Джек подпер рукой подбородок.
— Боюсь, мое представление о пантуме нужно освежить. Я подзабыл старые французские поэтические формы.
— Изначально она малайская.
— Малайская?
— Да, она заимствованная. Ее использовал Виктор Гюго, но она малайская. Это четверостишия с повторяющимися строчками и перекрестной рифмовкой, вторая и четвертая строка каждого четверостишия становится первой и третьей… я не путаю? Нет, все правильно — первой и третьей последующего. Мой пантум до конца не выдержан. В общем, это трудно объяснить, проще показать. — Клер открыла сборник на нужной странице и протянула его Джеку.
Кейп-Код, май 1974[38]
Теперь перед Джеком стояла пугающая задача: сказать что-то после прочтения стихов.
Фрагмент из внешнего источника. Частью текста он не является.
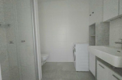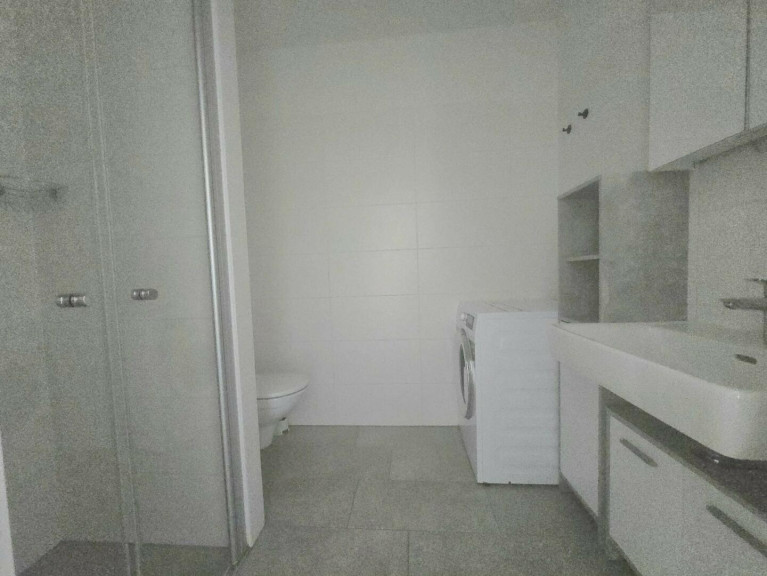 Das Badezimmer wurde mit einer begehbaren Dusche und einem WC, sowie einer Waschmaschine ausgestattet.
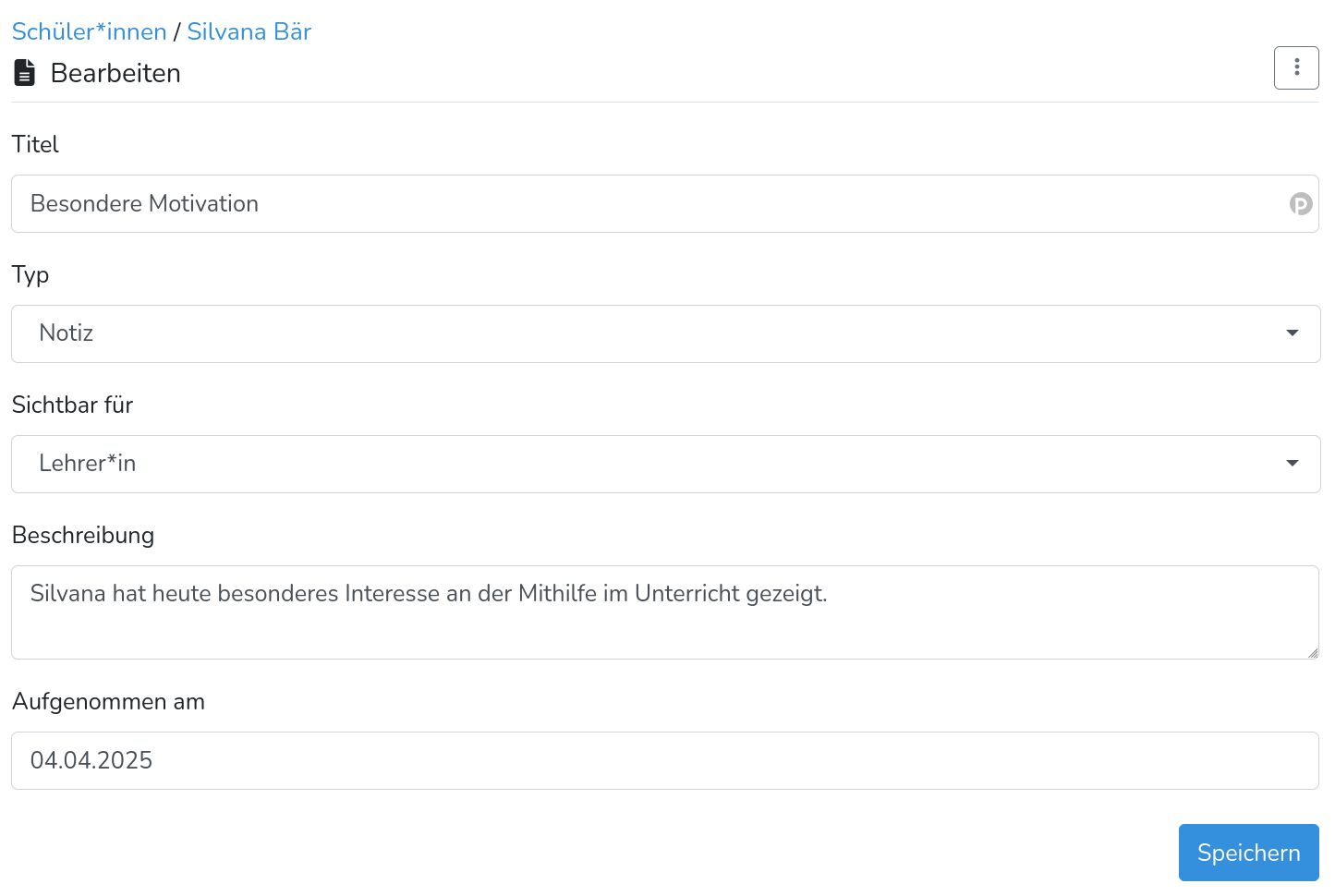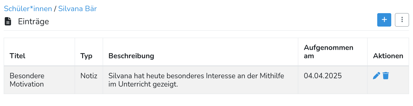 Als Lehrkraft können Sie bei Schüler*innen Einträge hinterlegen. Das ist praktisch, um etwa eine Entwicklung oder besondere Bedürfnisse zu dokumentieren. Die Typen für Einträge werden vorher durch Ihrem Admin hinterlegt (hier).

Сказать что- то
— Замечательно, — сказал, наконец, Джек.
— Да ну, это просто жалкое старье, но для примера сгодится. И все-таки, Джек, я правда тороплюсь.
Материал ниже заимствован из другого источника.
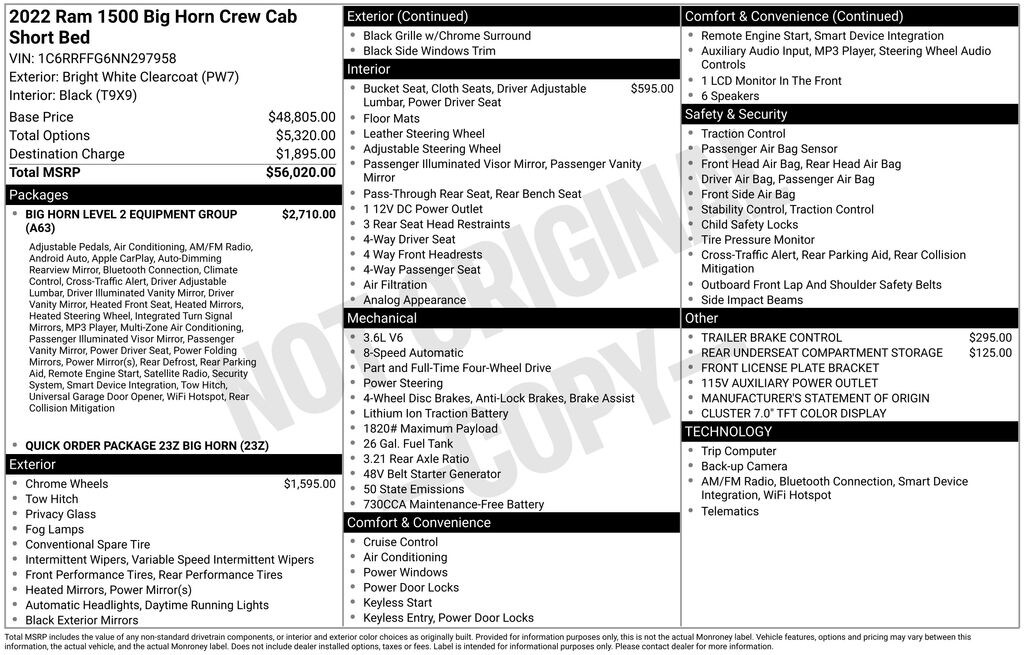 RAM safeguards your travels with a backup camera, electronic stability/traction control, hill-start assist, tire-pressure monitoring, trailer-sway damping, and our package's parking sensors. You're ready to rock when you're driving our RAM 1500 Big Horn/Lone Star! Save this Page and Call for Availability. We Know You Will Enjoy Your Test Drive Towards Ownership!
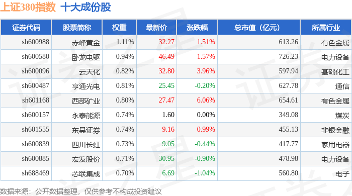 证券之星消息,12月26日,上证380(000009)指数报收于6585.81点,涨0.63%,成交2227.85亿元,换手率1.71%。当日该指数成份股中,上涨的有196家,中复神鹰以12.56%的涨幅领涨,下跌的有169家,燕东微以4.73%的跌幅领跌。
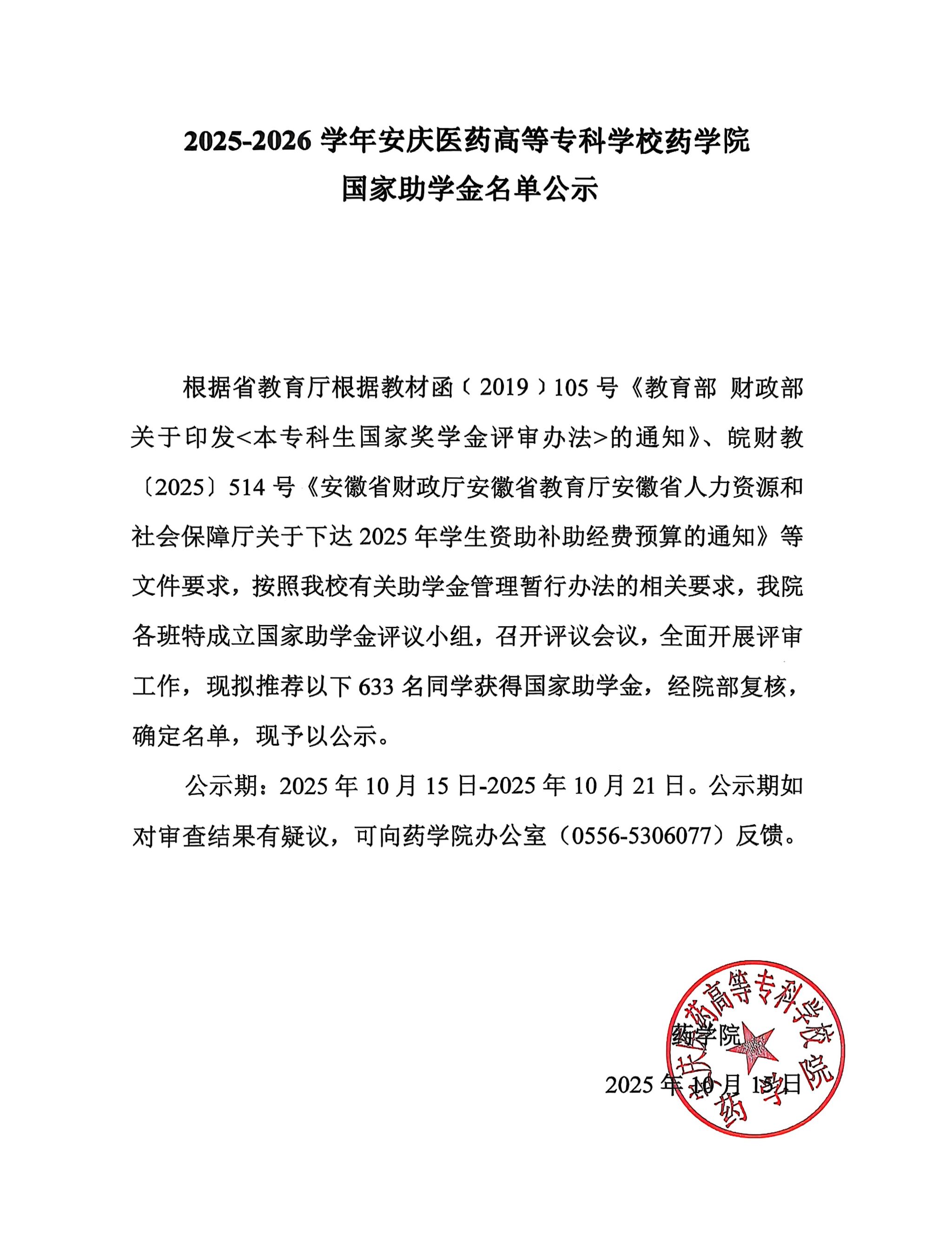 2025-2026学年安庆医药高等专科学校药学院国家助学金名单公示

— Я предупредил твоих, что ты опоздаешь.
— Да? Что-то случилось?
— Можно тебя на два слова? — В устах Джека это был парадокс. — В моем кабинете, хорошо?
Ну вот и они, его воображаемый класс. Говард позволил своим глазам собрать моментальную коллекцию их достопримечательностей, зная, что скорее всего видит их в последний раз. Вот панк с черными ногтями, вот индианочка с очами персонажей Диснея, вот девушка лет четырнадцати на вид с железной дорогой на зубах. Взгляд Говарда двинулся в глубь комнаты: огромный нос, маленькие уши, слишком толстая, на костылях, ржаво-красные волосы, на каталке, рост почти два метра, мини-юбка, вздернутые соски, до сих пор в наушниках, галстук-бабочка, галстук бабочка номер два, анорексичка с пушком на щеках, герой футбола, белый парень с дредами, длинные ногти домохозяйки из Нью-Джерси, полосатые колготки, начал терять волосы — их было так много, что Смит не мог закрыть дверь, кого-нибудь не прищемив. Итак, они пришли, они слушали. Говард раскинул свой шатер и начал спектакль. Он представил им Рембрандта не самобытным борцом с устоями, а конформистом; предложил им спросить себя, что такое «гений», и в недоуменной тишине подменил привычную фигуру прославленного в веках мятежного мастера на им, Говардом, созданный образ умелого подмастерья, изображавшего то, что было угодно его состоятельным патронам. Говард призвал студентов подумать об изяществе как маске на лице власти и взглянуть на эстетику как на утонченный язык исключений. Он посулил им курс, который подорвет их веру в спасительную человечность того, что обычно зовется искусством. «Искусство — это западный миф, — провозгласил Говард, в шестой раз за шесть лет, — и утешающий нас, и созидающий». Все записали эту фразу.
— Вопросы есть?
Ответ был неизменным — тишина. Но тишина особого сорта, характерная для престижных, дающих классическое образование колледжей. Слушатели Говарда молчали не потому, что им было нечего сказать — как раз наоборот. В комнате чувствовалось брожение миллионов мыслей, иногда настолько сильное, что казалось, они отскакивают от студентов и рикошетят от мебели. Кто-то скользил взглядом поверх стола, кто-то смотрел в окно, кто-то — с глубокой тоской на Говарда, самые слабые души краснели и утыкались в тетради. Но никто не издавал ни звука. Все страшно боялись своих соседей, а прежде всего — самого Говарда. В начале преподавания он по глупости пытался заглушить этот страх, теперь же явно его лелеял. Страх означал уважение, уважение предполагало страх. Если тебя не боятся, ты ничего не получишь.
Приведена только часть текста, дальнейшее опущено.